For more than three decades, Becom has been documenting people's lives and the painted environment they live in from Mexico to Morocco, and Guatemala to Greece. In 2008 he spent five months traveling in northern India – from Uttar Pradesh and Madhya Pradesh to Rajasthan, capturing the streets of Jodhpur and Varanasi and the architecture of Jaisalmer and Ajmer. ... Becom's photos aren't just about documentation. His focus is anthropological, based on a desire to know what color reveals about a culture, whether religious, social or spiritual, as well as how it affects the life of its people. While Becom approaches his subjects as a man with many talents — a painter and photographer with training in architecture — his work has been centered on color.

"I painted and drew from an early age," says Becom. "Am I a colorist? Absolutely. That's my main focus."

...

"India is just synonymous with color," he says. "Certain colors are associated with certain gods or certain castes."

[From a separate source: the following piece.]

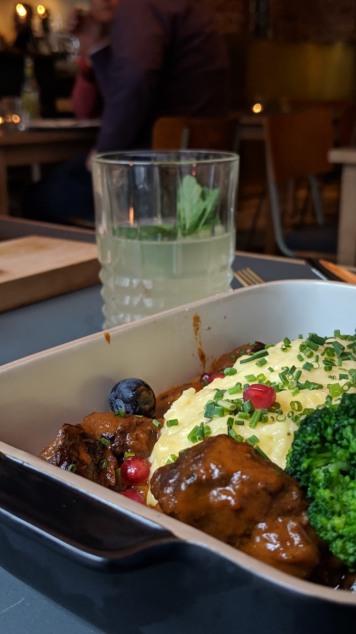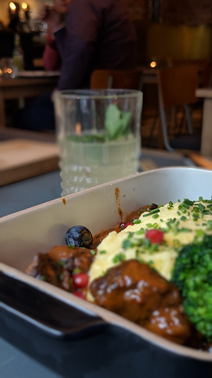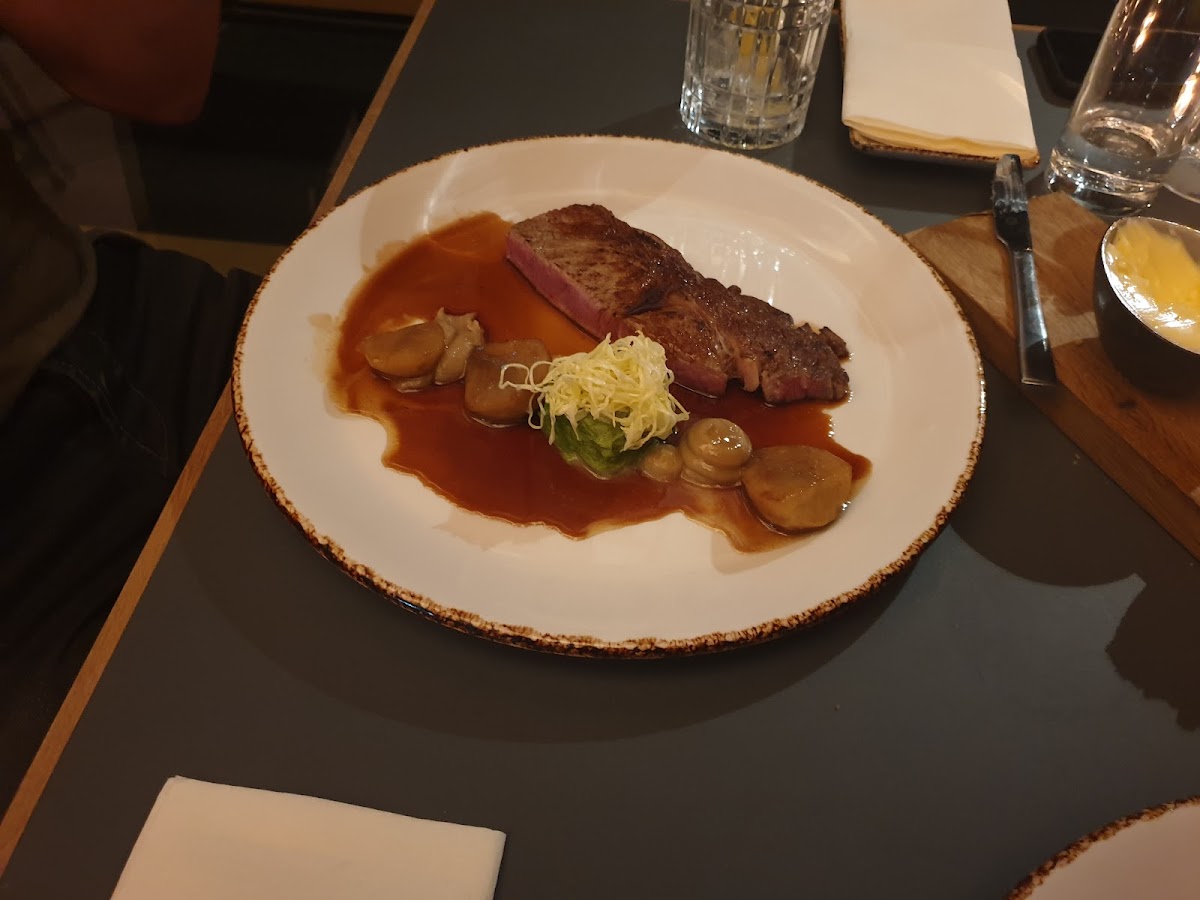 (Translated by Google) Well, I've been there twice now, in the last two weeks, and it was a celebration every time! On my first visit, a wonderful pumpkin soup warmed me up, slightly spicy, delicious. For the main course I limited myself to a salad, fresh, juicy, wonderful. Just like the view of the ceiling, which lets the already high ceilings soar to unimagined heights. A photo that is translucent and illuminated from behind is stretched across the entire ceiling surface, giving the viewer a view of a dome roof of truly cathedral proportions. kind of restaurant! Is correct! Maybe that's also an incentive for the maitre and the team to become more artistic... Pumpkin soup and salad were topped a few days later by a dreamy cream goulash. Arranged in a rectangular bowl, the tender meat encloses the flaky mashed potatoes. The blueberries give the whole thing a sweet note and again the feeling of gentle sharpness in the finish. Mind you, I am writing here from lunch. What unexpected surprises can one hope for at dinner? I'm excited and I will be watching you! Keep it up!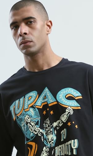 'Tupac'' Printed Round Neck Black Casual Summer Tee

What Becom found, he says, thrilled him. "There were dirt floor huts, fresh ground spices and the friendliest people. I had some of the best meals of my life there."

"I don't have a degree in anthropology and no formal education in photography," Becom says. "I do call myself a visual anthropologist though. I consider my photographs to be documentary. The colors, subjects, and details are captured exactly as found. However, I do control and transform by limiting what, when, and how I shoot."

That sense of the found image is seen in works like "Tiger Wall," taken in the town of Pokaran, in the state of Rajasthan. It shows a blue/green door to the right and a hand-painted tiger's head on the wall to its left. How or why that tiger's head exists is not explained, yet it is a striking image that hits you as a surprise, as if you just turned a corner and encountered some beautiful street art.

All of the 22 images on view affect you like paintings — works of art that occur between the figurative/representational and the abstract. Figures do appear in Becom's work, but they seem oblivious of the camera, just characters in front of Becom's colored facades.